The bond purported to be executed to him by the firm as principals and O'Donnell as surety, and was conditioned for the production of the property attached to satisfy any execution that might be issued on any judgment that should be recovered by Beaton in the attachment suit.

April 24, 1872, Beaton, the attachment plaintiff, recovered judgment for $189.82, besides costs, and on the first of May thereafter sued out out execution returnable on the 2d day of July, and the sheriff, Avery, returned it nulla bona on the 12th of that month.

While the execution was out, and on the 9th of May, 1872, the plaintiff Beaton assigned the judgment to the plaintiff in this suit.

The assignment was drawn with great particularity, but it did not refer at all to the bond. I pass by the error about the date of the judgment and the slight inaccuracy in the amount.

July 8 1872, being two months later, the sheriff assigned the bond to Beaton. Subsequently Forrest, the assignee of the judgment, brought this suit upon the bond against O'Donnell, the surety, and the circuit judge, on motion at the trial, excluded the bond, and the plaintiff was thereby defeated. He now askes a revision of the ruling.

The declaration averred an assignment of the bond by the sheriff Avery to Beaton on the eighth of July, 1872, and an assignment of the judgment and bond also from Beaton to the plaintiff on the ninth of May preceding.

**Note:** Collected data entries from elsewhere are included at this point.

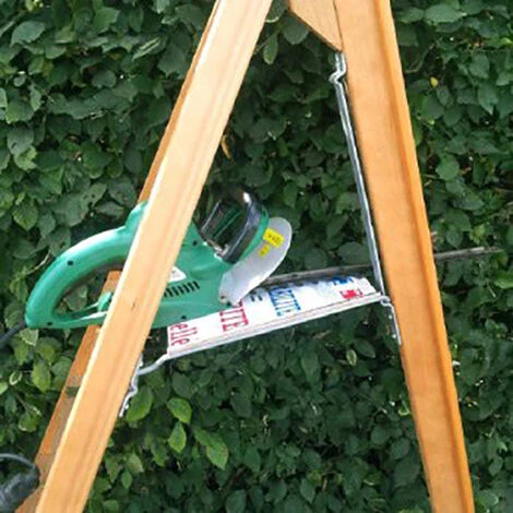 – Le haut de l’échelle en forme de pointe permet de positionner facilement l’échelle entre les branches des arbres.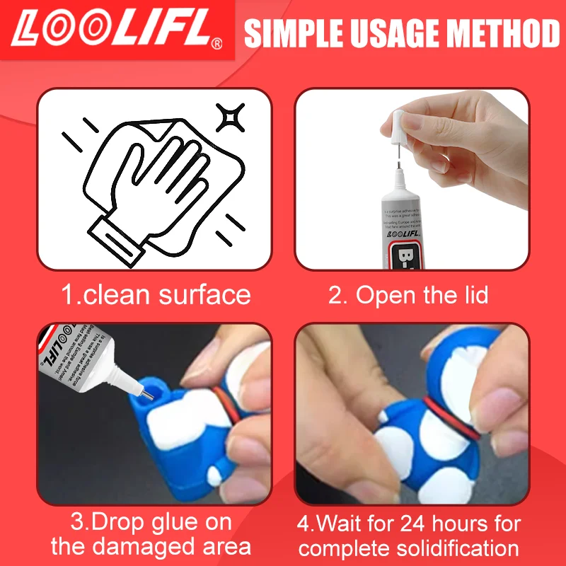 - Technical specifications include a 25ml volume, impact hardness of 65-80A after curing, and excellent tensile elasticity of up to 900%, ensuring strong and flexible bonds for complex projects.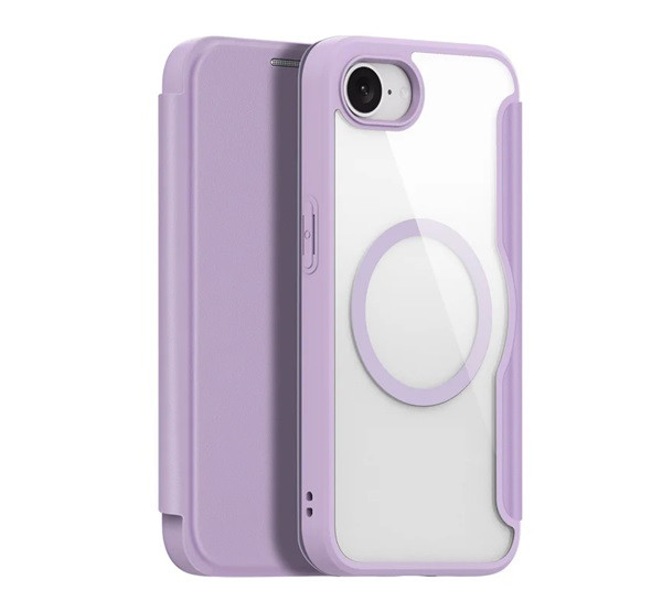 DUX DUCIS SKIN X PRO tok álló, bőr hatású (FLIP, oldalra nyíló, RFID, MagSafe) LILA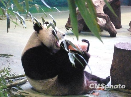 图:大熊猫圆圆5岁生日大快朵颐冰蛋糕(2)
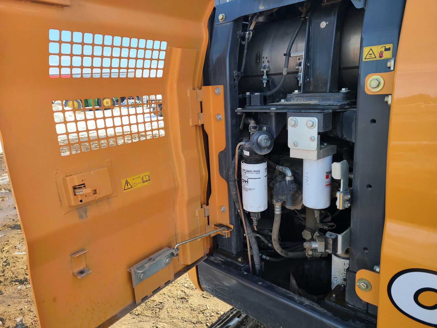 Enclosed cab, A/C, air ride seat, rear view cameras, side view cameras, DEF required, engine heater, cab screens, third valve with hydraulic lines down to bucket, 39 inch dig bucket, hydraulic Q/C coupler, Have a look at the last picture to see extended warranty and planned maintenance program. Check with your local Case Industrial dealer for full details., 24 inch track pads, triple grousers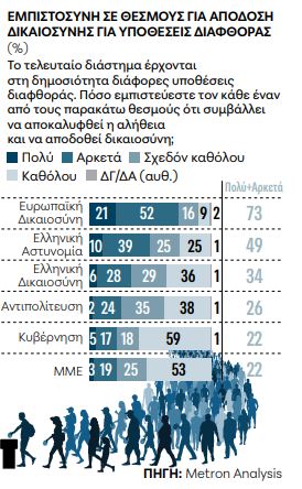 Από τους «εντός χώρας» θεσμούς ξεχωρίζει η ΕΛ.ΑΣ. με 49% και έπεται σε απόσταση η ελληνική Δικαιοσύνη με 34% (αν και 65% δηλώνουν ότι δεν την εμπιστεύονται Σχεδόν Καθόλου/Καθόλου). Σε ακόμη χαμηλότερες θέσεις βρίσκονται οι πολιτικοί θεσμοί: η Αντιπολίτευση με 26%, και η Κυβέρνηση με 22% (αλλά και με 77% που δεν την εμπιστεύονται Σχεδόν Καθόλου/Καθόλου), μαζί με τα ΜΜΕ.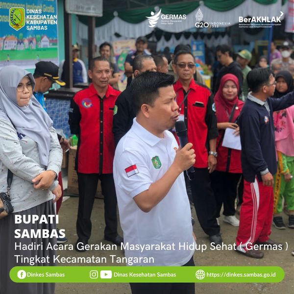Sambas – Bupati Sambas H. Satono, S. Sos.I., MH., didampingi Ketua TP – PKK Kabupaten Sambas Yunisa Satono, S. Pd., dan Kepala Dinas Kesehatan Kabupaten Sambas Hendy Wijaya, SKM., MPH., menghadiri kegiatan Gerakan Masyarakat Hidup Sehat ( Germas ) tingkat Kecamatan Tangaran Ahad, 9 Oktober 2022.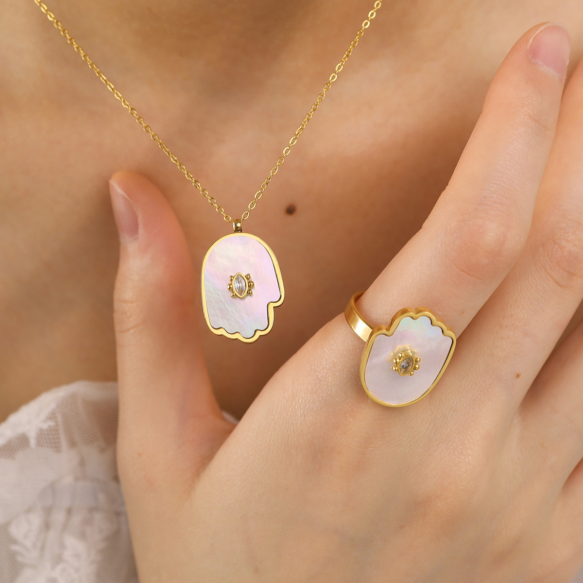 Cross-border Hot Devil's Eye Zircon suit Jewelry Women's Titanium Steel Gold Plated Palm Set Shell Pendant Necklace Wholesale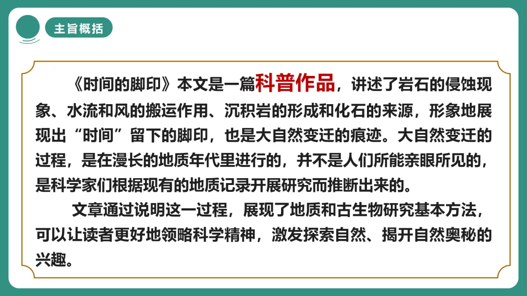 >八年级下册语文《时间的脚印》任务型课件思路很清晰!

Now as no other assignment was made to Forrest except that of the ninth of May, which did not allude to the bond, it is first of all material to ascertain whether the instrument passed by that assignment; because, if it did not the ruling objected to cannot be disturbed, and all the points agitated relative to the execution of the obligation become unimportant.

It is a general rule of the common law that the action must be brought in the name of the party in whom the legal interest is vested, and that the courts will not in general take notice of mere equitable titles and rights of action, as contradistinguished from the strict legal title and interest so as to invest the equitable or merely beneficial claimant with the ability to adopt legal proceedings in his own name, although the equitable right embraces the most extensive or even the exclusive interest in or benefit to be derived from the contract. The ground of distinction between legal and equitable remedies requires this principle to be observed. If the beneficiary were permitted to sue at law in his own name, the protection and advantage intended to be secured by the intervention of a trustee, clothed with the legal title, might be lost, and the salutary benefits arising from giving courts of equity control over matters of trust would be defeated. Besides, it would be impracticable...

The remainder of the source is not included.